Settling In....To a Couple of Things...

We are finally settled into this new house. Things are slowly starting to get back to normal. But so many things are changing as well. The last two weeks has been full of peaks and valleys in so many areas of my life...I love our new house, but miss our old one terribly. It was "home" and this house is home, but doesn't quite feel like it yet. Now, don't get me wrong I love this house and am so grateful and blessed beyond comprehension that we got something we have always wanted. It just takes some getting used to. We are about to begin this journey that God called us to in about a week or so. Homeschooling our kiddos!! It has been an emotional roller coaster for me. I am sooooo very excited about it and so are my kids, they are begging me to start now!! But in an instant I can be paralyzed by fear. Fear that I will in some way "mess my kids up." Fear that I might get sick again and not be able to teach them for a while. Boy, is the enemy ever alive and well!! I am well aware that it is just him trying to give me this spirit of fear and change my mind and plug them right into school again. I also know that would have me in just as much fear!!!! Anyway, my friend gently reminded me of this. She said, "if God in His sovereignty calls you to something, do you really believe that He would call you to fail? and she also said you don't want to not do this just in case something happens and you get sick" Hmm... I thought to myself, why didn't I think of that.
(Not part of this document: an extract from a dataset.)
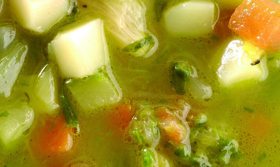 Éplucher, laver et essuyer les pommes de terre, les courgettes ; équeuter les haricots verts et les débiter en dés. Écosser les haricots cocos. Éplucher l’ail et les oignons et les hacher. Couper en dés les courgettes, les pommes de terre. La découpe de tous les légumes doit être uniforme. Réserver tous les légumes.
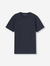 Designed in a fabric exclusive to Derek Rose, Barny is our brand new everyday wear t-shirt. Knitted in the EU, our mid weight Pima cotton t-shirt is not only breathable, but hypoallergenic. An excellent choice for any occasion. Created in a casual relaxed fit, the crew neckline features a bound collar with detailed ribbing. We have chosen to print our label inside of the neckline for optimal comfort. With twin needle cuffs and hem, our Barny t-shirt, seen here in navy, is made for every adventure due to its durable finish. Pair with your trousers or shorts of choice for a capsule wardrobe essential. To make it truly special, we can personalise your garment with initials or a motif. Read more about our personalised service here . The model is 6’1” / 188cm tall with waist size 32” / 82cm, chest size 38” / 99cm. He wears a size Mediu m. PRODUCT DETAILS Material: Pure Cotton Fabric Weight: Medium Fabric Type: Jersey Gender: Men's Colour: Navy Pattern: Plain Sleeve Length: Short Sleeve Season: 24-W Neck Shape: Crew Neck Country of Origin: Portugal Composition: 100% Cotton Fit: Regular Fit Item Number: 3175-BARN002NAV

It put my spirit at rest. I know that God called me to this. I know we will have an amazingly wonderful year! And you know what I can do it.... I know I can. My kids mean so incredibly much to me that I will go to the ends of the earth for them, so of course I can teach them...who better?? right??!! It has been real fear, the kind that grips you when you least expect it, the kind that makes you feel like a failure before you start, a fear that points out your shortcomings and mess ups, a fear that leaves you in tears. But My God is the Ultimate Teacher, and He lives in me..... there is NOTHING to Fear!!!!